• EXERCISE AIM: The whole listing, exactly as given: write it out, leaving out each image.

• RECORDS FOR THE EXERCISE:

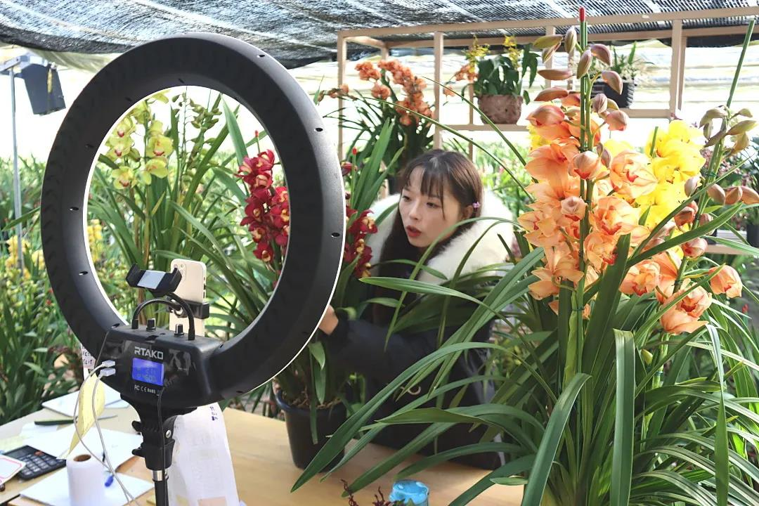 “往年的订单也比较多,品种都是大型大花蕙兰,也有杂交大花蕙兰,今年这种新品大花蕙兰比较畅销,叶子周边多了一层浅绿,开花也特别好看。”黑营盘社区的云润花卉有限公司负责人段玲如是说。“我们也有开自己的直播间,今年的营业额也增加了20%左右。”
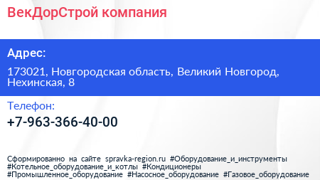 ВекДорСтрой, компания по адресу 173021, Новгородская область, Великий Новгород, Нехинская, 8 в дальнейшем Организация, размещена в следующих категориях:
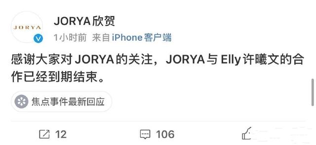 除了小s受到很大的影响之外,小s的女儿Elly许曦文也受到了影响,据悉JORYA这个品牌方也表示与小S的女儿Elly许曦文的合作已经到期结束。看来这就是报应,虽然小s目前还没有回应和道歉,但是非常有正能量的品牌方已经开始行动,不要认为自己多厉害,娱乐圈明星多的是,缺小s你一个也影响不了什么。
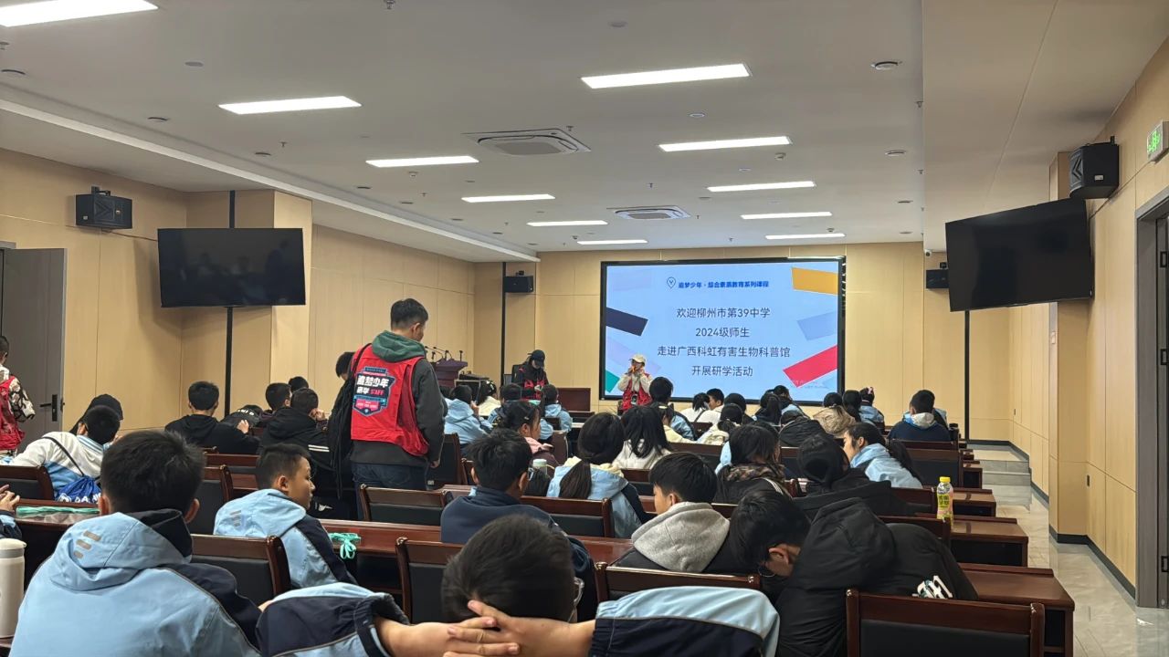 12月15日上午,由柳州國旅研學(xué)部?追夢少年工作室?guī)ш?,柳州市第三十九中學(xué)2024級師生來到科虹有害生物科普館,開展“綜合素質(zhì)教育系列課程”研學(xué)。
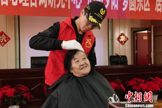 图为居家养老服务志愿者为老人进行免费染发。 央姬卓玛 摄
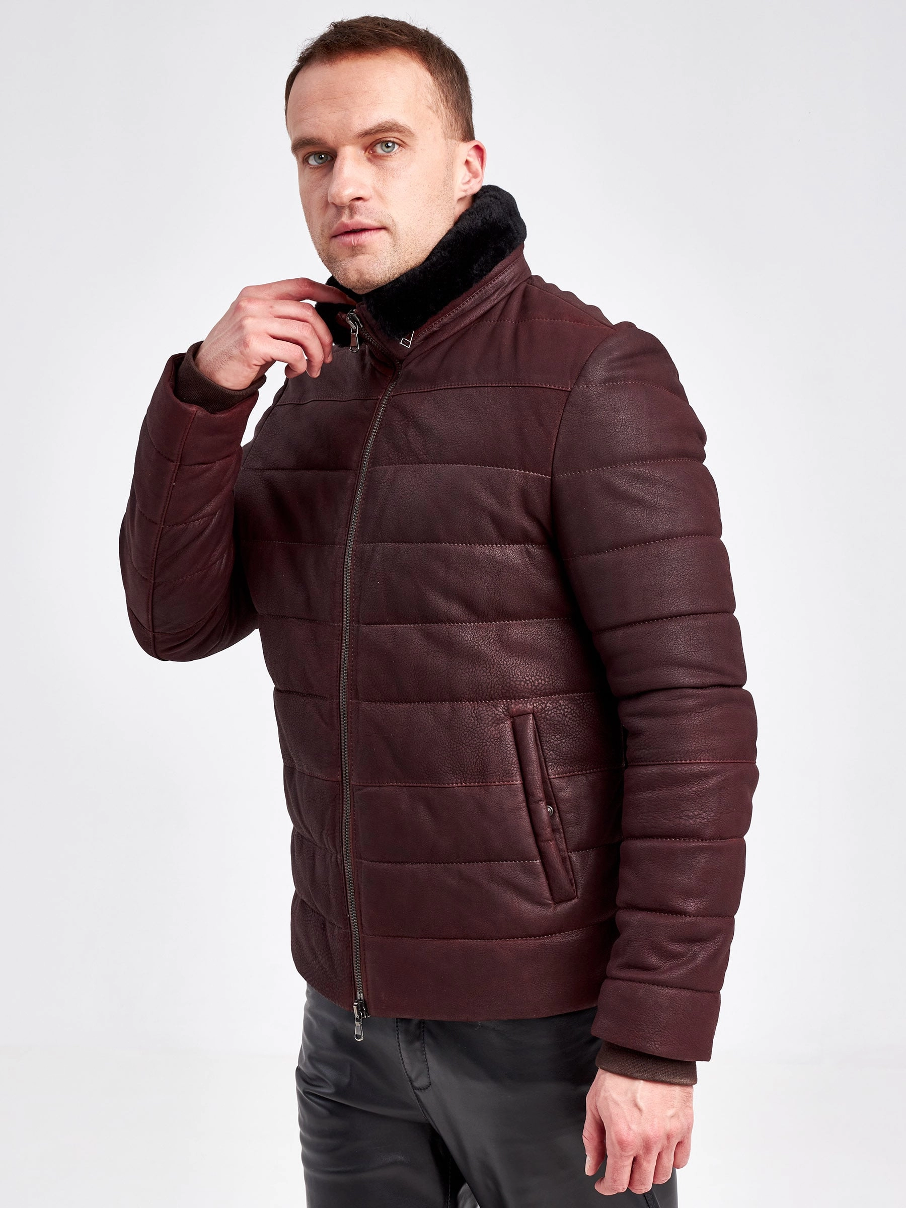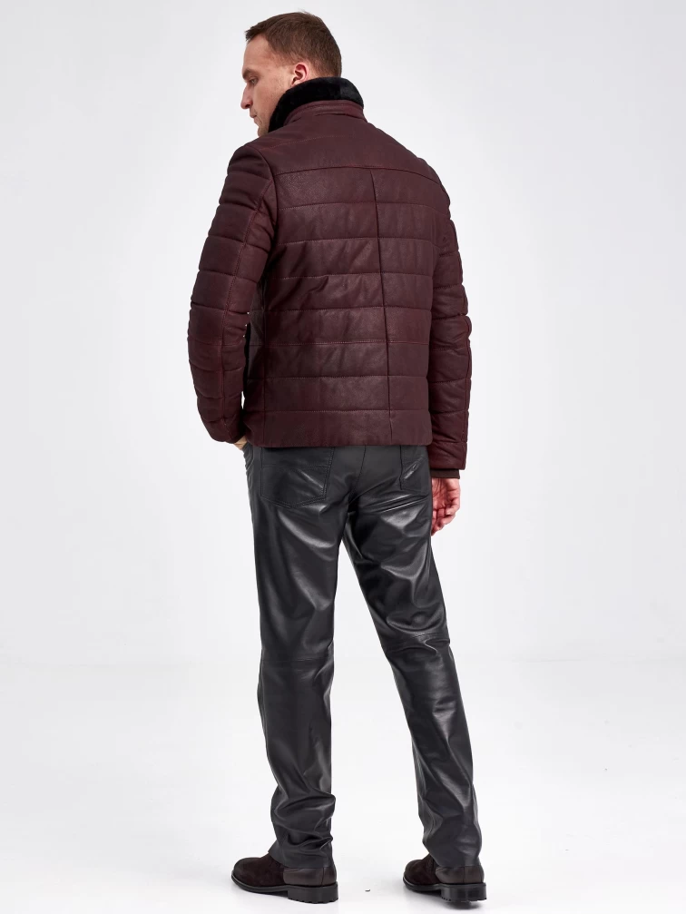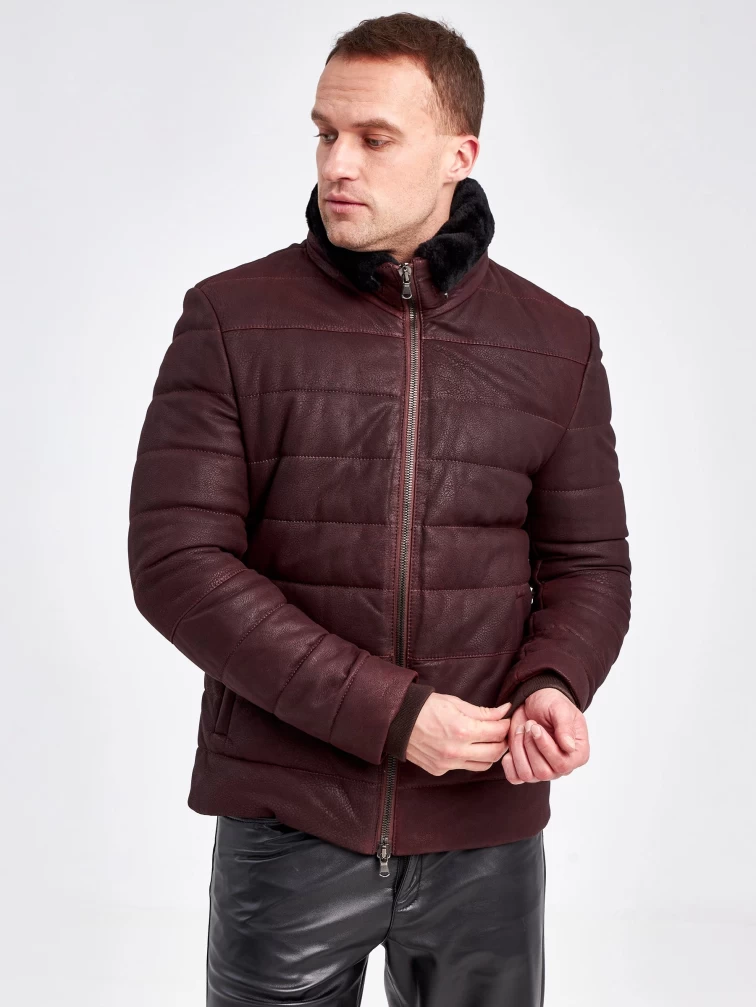 Кожаный пуховик зимний мужской 4678, короткий, бордовый, размер 50, артикул 23120

• REPLY TO THE EXERCISE:
 “往年的订单也比较多,品种都是大型大花蕙兰,也有杂交大花蕙兰,今年这种新品大花蕙兰比较畅销,叶子周边多了一层浅绿,开花也特别好看。”黑营盘社区的云润花卉有限公司负责人段玲如是说。“我们也有开自己的直播间,今年的营业额也增加了20%左右。”
 ВекДорСтрой, компания по адресу 173021, Новгородская область, Великий Новгород, Нехинская, 8 в дальнейшем Организация, размещена в следующих категориях:
 除了小s受到很大的影响之外,小s的女儿Elly许曦文也受到了影响,据悉JORYA这个品牌方也表示与小S的女儿Elly许曦文的合作已经到期结束。看来这就是报应,虽然小s目前还没有回应和道歉,但是非常有正能量的品牌方已经开始行动,不要认为自己多厉害,娱乐圈明星多的是,缺小s你一个也影响不了什么。
 12月15日上午,由柳州國旅研學(xué)部?追夢少年工作室?guī)ш?,柳州市第三十九中學(xué)2024級師生來到科虹有害生物科普館,開展“綜合素質(zhì)教育系列課程”研學(xué)。
 图为居家养老服务志愿者为老人进行免费染发。 央姬卓玛 摄
 Кожаный пуховик зимний мужской 4678, короткий, бордовый, размер 50, артикул 23120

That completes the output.